奈良の昔はなし~聖徳太子と達磨寺~
飛鳥に推古天皇の都があった時代、天皇の甥(おい)で皇太子であった聖徳太子は、学問と思索(しさく)を深めるため、斑鳩の地に離宮を造っていたのです。その斑鳩と飛鳥を黒馬で往復し、また大和川沿いに難波へも通い、大陸の進んだ文化を取り入れました。
そんなある日のこと、太子が河内国(大阪府の東部)からの帰り道、片岡山のほとりで、なぜか、乗っていた黒馬の足が急に止まったのです。
太子が不思議に思っていると、旅人が道端で今にも餓死せんばかりの姿で倒れていたのでした。だが、その目からは霊妙な光がさし、体からはよいにおいがしたのでした。太子は、この旅人は普通の人ではない、きっと仏の化身(けしん)であろうと思い、歌を詠んだのです。
「しなてる 片岡山に 飯(いひ)に飢(ゐ)て 臥(こや)せるその旅人(たひと) あれは 親無(おやな)しに 汝生(なれな)りけめや さす竹の君はや無き 飯に飢て 臥せる その旅人 あはれ」
太子は旅人に紫の衣を脱いで着せ、食物を与えたのです。翌日、旅人が死んでいたため、使者に厚く葬るように命じたのです。その後、調べると棺の中に遺骸はなく、紫の衣が棺の上に置かれていたのでした。人々は、旅人は達磨大師の化身といい、墓を造り、やがて寺を建てたのです。それが達磨寺であると言われています。達磨大師は禅宗の祖でもあります。
~昔はなしゆかりの地「達磨寺」~
JR大和路線王寺駅または近鉄田原本線新王寺駅からバスで張井下車すぐのところにあるのが、この物語に登場した達磨大師の墓とされる達磨寺です。
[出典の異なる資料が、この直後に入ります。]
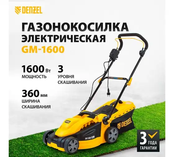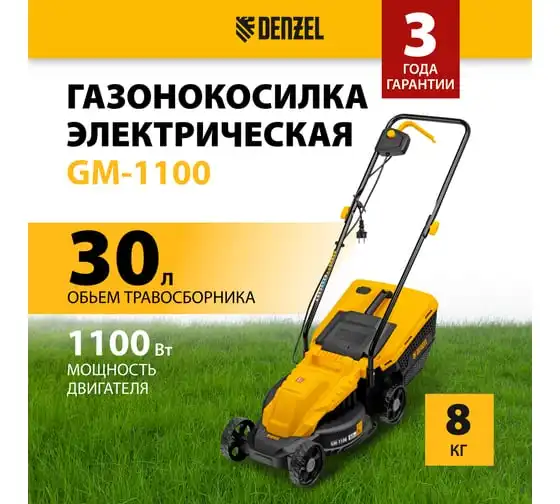 Электрическая газонокосилка Denzel gm-1300, 1300 вт, 35 л 96627
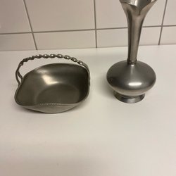2 st Norska Tennföremål. Vas och skål.
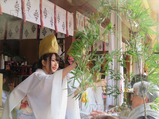 社務所では千早と金烏帽子を着装した福娘が、縁起物である福笹に小判や鯛、俵などの飾りを付けています。
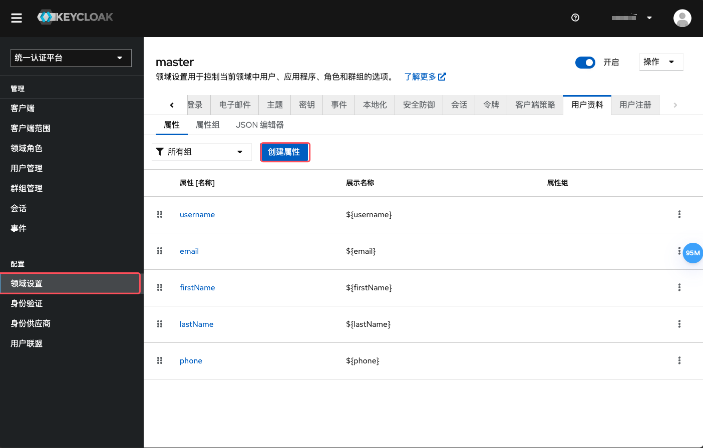 - 配置》领域配置》用户资料
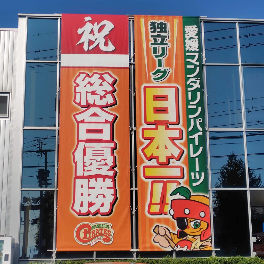 9月28日に真岡ハイトラ運動公園野球場(栃木県真岡市)にて行われました「日本独立リーググランドチャンピオンシップ2025」決勝戦( 対 栃木ゴールデンブレーブス)において、8対2で愛媛マンダリンパイレーツが快勝、最後のバッターを空振り三振で打ち取った瞬間、一塁側マンダリンパイレーツ応援スタンドとベンチ内は割れんばかりの歓喜に包まれました。

聖徳太子と達磨大師の出会いからはじまった達磨寺には、今も本堂の下に達磨寺3号墳とよばれる古墳時代後期の円墳があります。これが、聖徳太子が飢人のためにつくったお墓、すなわち達磨大師の墓とされ、鎌倉時代にその上にお堂が建てられて、本尊として堂内に聖徳太子と達磨大師像が安置されました。
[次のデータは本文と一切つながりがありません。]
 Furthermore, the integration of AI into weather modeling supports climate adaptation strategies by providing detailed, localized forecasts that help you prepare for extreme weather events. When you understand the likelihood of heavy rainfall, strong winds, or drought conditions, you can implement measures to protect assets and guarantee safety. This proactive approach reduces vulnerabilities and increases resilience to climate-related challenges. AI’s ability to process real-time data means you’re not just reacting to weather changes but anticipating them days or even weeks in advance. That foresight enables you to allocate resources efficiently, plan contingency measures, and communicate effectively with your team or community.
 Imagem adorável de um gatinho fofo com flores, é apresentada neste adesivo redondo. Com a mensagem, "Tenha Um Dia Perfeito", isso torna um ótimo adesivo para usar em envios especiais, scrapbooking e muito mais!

達磨寺の本堂には、数多くの文化財が展示されていて、全日10時~15時まで本堂および方丈を自由に見学することができるのです。また、達磨寺では座禅を体験することができますので、令和の初めに座禅をしてみてはいかがですか。
方丈は、寛文7年(1667年)に建立されました。なぜか屋根は西面が入母屋造りなのに対して、東面は切妻造りとなっているんです。不思議ですよね~。本堂の中尊に祀られているのが千手観音像で、392本の手があり、手のひらには水晶で表現された目があります。
聖徳太子の愛犬「雪丸像」
境内には、聖徳太子の愛犬で、人の言葉が話せ、お経が読め、達磨寺本堂の下にある達磨大師のお墓の北東に葬ってほしいと遺言を残した雪丸の石像があります。
雪丸は町(王寺町)のマスコットキャラクターとして町の活性化に活躍していますよ。運がよければ会えるかも。